Richard Huxton escribió:

> Luis Cornide Arce wrote:
>
>> Hi everyone,
>>
>> I have some problems with a quite long query and the plan postgreSQL
>> is choosing. The query joins 12 tables and in the WHERE clause I use
>> a IN expression with a lot of identifiers (up to 2000). The problem
>> is that the planner is proposing a seq_scan on two tables 2M rows
>> each (internalexpressionprofile and expressionprofile)
>>
>> I have just try this query (after doing a vacuum analyze), in the
>> 'IN' clause there are 1552 identifiers, and the query should return
>> 14K rows.
>> I'm using a PostgreSQL 8.0.2 on a SuSE 8.1 with 1GB of RAM.
>
>
>> WHERE epg.expprogeneid IN (80174,84567,...) AND
>> epg.expprogeneid=epro.expprogeneid
>
>
> ->  Hash Join
>     (cost=15413.58..78079.33 rows=24339 width=134)

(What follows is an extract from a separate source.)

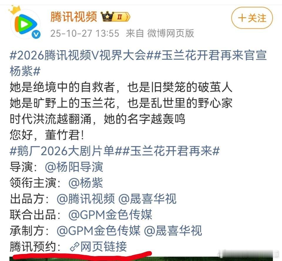 2026腾讯视频V视界大会玉兰花开君再来现在还只有一个概念海报,还只是官宣了杨紫,然后🐧就已经把预约链接安排上了,丧心病狂啊,这要大家等多久?看得出来🐧很急,但是你能不能不要这么急,迫不及待的感觉。玉兰花开君再来官宣杨紫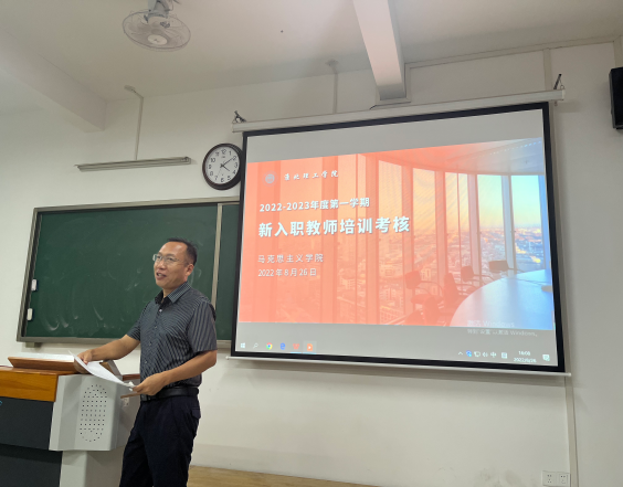 为更好更快推动新任教师课堂教学质量的提高,全面提升新教师教学能力素养,站稳讲台、上好第一课,按照学校的要求,beat365中国官网于8月26日下午2点30分在一教215教室组织开展了对新入职教师的培训考核活动。beat365中国官网全体老教师作为考核专家、入职新教师作为考核对象参与了本次入职培训的考核活动。本次活动有刘奔前副教授、陈志操老师主持。

>     (actual time=1489.347..5721.306 rows=41904 loops=1)
>     Hash Cond: ("outer".expprogeneid = "inner".expprogeneid)
>    ->  Seq Scan on expressionprofile epro
>         (cost=0.00..48263.24 rows=2831824 width=8)
>         (actual time=0.039..3097.656 rows=2839676 loops=1)
>
> ->  Index Scan using
> expprogene_pk, expprogene_pk, [......] on expprogene epg
> (cost=0.00..10698.83 rows=1546 width=8) (actual time=0.027..15.907
> rows=1552 loops=1)
>     Index Cond: ((expprogeneid = 80174) OR (expprogeneid = 84567)
>     OR (expprogeneid = 83608) OR [OR ....])
>
> OK - it looks like the "IN" clause is using your index. The fact that
> it's using a Seq-scan on "expressionprofile epro" looks odd though,
> especially since it expects 24339 matches (out of 2.8 million rows -
> that should favour an index).
>
> Of course, I've not considered the context of the rest of the query,
> but I'd expect the index to be used.
>
> Do you have any unusual config settings?